>>>

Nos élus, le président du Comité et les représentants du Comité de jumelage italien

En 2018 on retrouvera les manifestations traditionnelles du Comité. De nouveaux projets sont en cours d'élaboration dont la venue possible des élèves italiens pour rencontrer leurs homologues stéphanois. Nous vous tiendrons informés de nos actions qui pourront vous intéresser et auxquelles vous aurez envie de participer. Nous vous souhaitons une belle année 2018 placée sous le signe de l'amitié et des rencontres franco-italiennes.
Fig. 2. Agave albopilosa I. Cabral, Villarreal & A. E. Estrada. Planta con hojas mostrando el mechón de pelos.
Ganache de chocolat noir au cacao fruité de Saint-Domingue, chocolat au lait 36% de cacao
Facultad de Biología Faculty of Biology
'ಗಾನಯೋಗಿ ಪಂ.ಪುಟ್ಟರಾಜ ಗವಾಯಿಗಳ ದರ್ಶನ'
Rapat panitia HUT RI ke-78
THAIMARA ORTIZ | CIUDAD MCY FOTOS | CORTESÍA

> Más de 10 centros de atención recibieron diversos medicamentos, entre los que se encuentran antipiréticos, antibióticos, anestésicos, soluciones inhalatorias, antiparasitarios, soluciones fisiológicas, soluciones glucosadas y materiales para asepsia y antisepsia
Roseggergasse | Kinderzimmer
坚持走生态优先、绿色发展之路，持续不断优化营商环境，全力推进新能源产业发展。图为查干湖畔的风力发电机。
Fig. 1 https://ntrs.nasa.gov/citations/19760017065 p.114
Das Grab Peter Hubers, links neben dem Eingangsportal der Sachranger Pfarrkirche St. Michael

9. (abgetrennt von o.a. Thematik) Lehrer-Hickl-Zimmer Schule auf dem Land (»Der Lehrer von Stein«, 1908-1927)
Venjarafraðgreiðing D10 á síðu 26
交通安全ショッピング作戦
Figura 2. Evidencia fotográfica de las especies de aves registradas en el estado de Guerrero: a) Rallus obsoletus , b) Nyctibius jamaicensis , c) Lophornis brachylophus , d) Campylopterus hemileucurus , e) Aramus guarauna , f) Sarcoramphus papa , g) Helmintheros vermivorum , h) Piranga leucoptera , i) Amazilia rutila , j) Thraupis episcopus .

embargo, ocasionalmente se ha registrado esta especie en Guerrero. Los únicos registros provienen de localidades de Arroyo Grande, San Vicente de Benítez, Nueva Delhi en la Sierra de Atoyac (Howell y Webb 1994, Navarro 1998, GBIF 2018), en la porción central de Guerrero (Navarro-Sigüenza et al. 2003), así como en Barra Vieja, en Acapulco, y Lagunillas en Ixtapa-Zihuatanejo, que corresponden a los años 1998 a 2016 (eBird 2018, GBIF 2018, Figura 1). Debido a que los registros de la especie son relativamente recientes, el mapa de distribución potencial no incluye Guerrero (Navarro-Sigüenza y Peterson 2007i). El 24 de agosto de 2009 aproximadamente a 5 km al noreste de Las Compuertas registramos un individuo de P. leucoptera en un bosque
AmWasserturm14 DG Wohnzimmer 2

<<<

= WHAT IS BEING ASKED =
Going down from the first line of the entries above, restate each line word for word until the line holding "Rapat panitia HUT RI ke-78" is done.

= OUTPUT OF THE TASK =
Nos élus, le président du Comité et les représentants du Comité de jumelage italien

En 2018 on retrouvera les manifestations traditionnelles du Comité. De nouveaux projets sont en cours d'élaboration dont la venue possible des élèves italiens pour rencontrer leurs homologues stéphanois. Nous vous tiendrons informés de nos actions qui pourront vous intéresser et auxquelles vous aurez envie de participer. Nous vous souhaitons une belle année 2018 placée sous le signe de l'amitié et des rencontres franco-italiennes.
Fig. 2. Agave albopilosa I. Cabral, Villarreal & A. E. Estrada. Planta con hojas mostrando el mechón de pelos.
Ganache de chocolat noir au cacao fruité de Saint-Domingue, chocolat au lait 36% de cacao
Facultad de Biología Faculty of Biology
'ಗಾನಯೋಗಿ ಪಂ.ಪುಟ್ಟರಾಜ ಗವಾಯಿಗಳ ದರ್ಶನ'
Rapat panitia HUT RI ke-78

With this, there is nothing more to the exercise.